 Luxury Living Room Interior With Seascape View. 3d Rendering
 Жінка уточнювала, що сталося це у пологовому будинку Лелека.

---

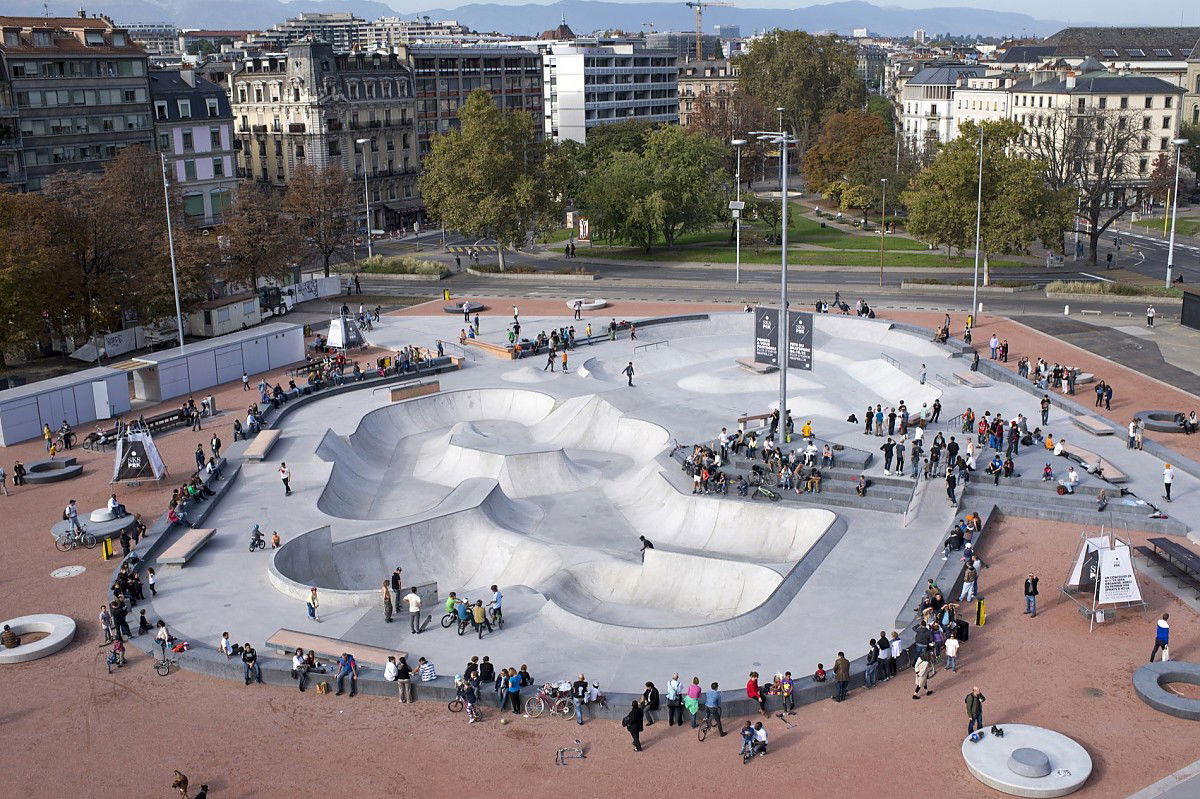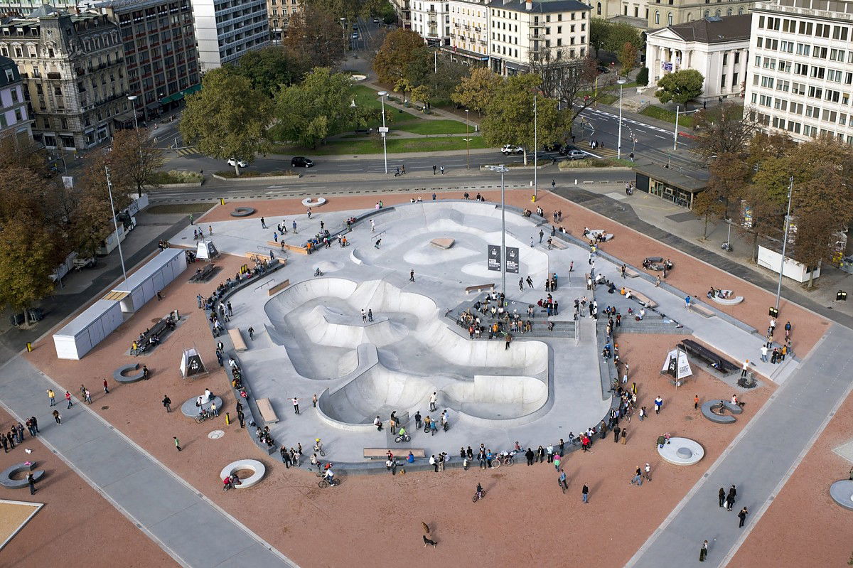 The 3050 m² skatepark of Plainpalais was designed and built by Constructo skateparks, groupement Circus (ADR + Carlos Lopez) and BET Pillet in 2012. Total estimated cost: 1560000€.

...

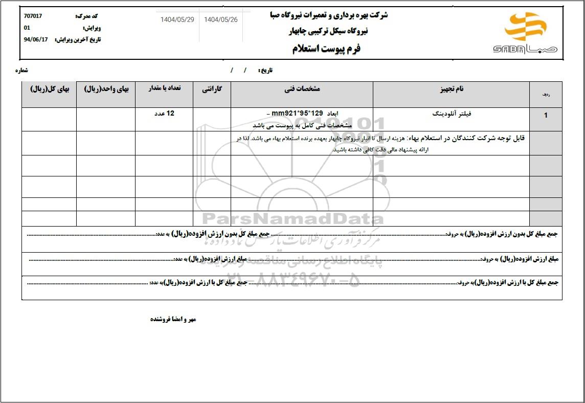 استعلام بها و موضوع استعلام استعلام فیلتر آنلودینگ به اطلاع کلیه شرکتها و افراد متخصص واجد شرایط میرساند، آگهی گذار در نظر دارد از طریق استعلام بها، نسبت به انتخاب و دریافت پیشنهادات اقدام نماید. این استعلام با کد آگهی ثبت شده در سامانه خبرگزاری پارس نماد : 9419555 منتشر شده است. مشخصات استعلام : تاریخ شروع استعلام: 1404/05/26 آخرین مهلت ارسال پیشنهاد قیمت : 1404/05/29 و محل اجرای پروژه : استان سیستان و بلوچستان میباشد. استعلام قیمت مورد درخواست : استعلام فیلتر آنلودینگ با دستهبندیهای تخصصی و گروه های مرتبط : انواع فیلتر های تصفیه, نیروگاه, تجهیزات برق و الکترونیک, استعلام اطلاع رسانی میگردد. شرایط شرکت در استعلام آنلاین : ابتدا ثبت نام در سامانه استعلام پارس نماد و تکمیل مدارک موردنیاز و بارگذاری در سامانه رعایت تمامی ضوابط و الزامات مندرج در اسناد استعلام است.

(THE TASK): The response should be the listing above, limited to the lines between the one holding "Luxury Living Room" and the one holding "Жінка уточнювала, що", inclusive, reproduced exactly.

(PROBLEM SOLUTION):
 Luxury Living Room Interior With Seascape View. 3d Rendering
 Жінка уточнювала, що сталося це у пологовому будинку Лелека.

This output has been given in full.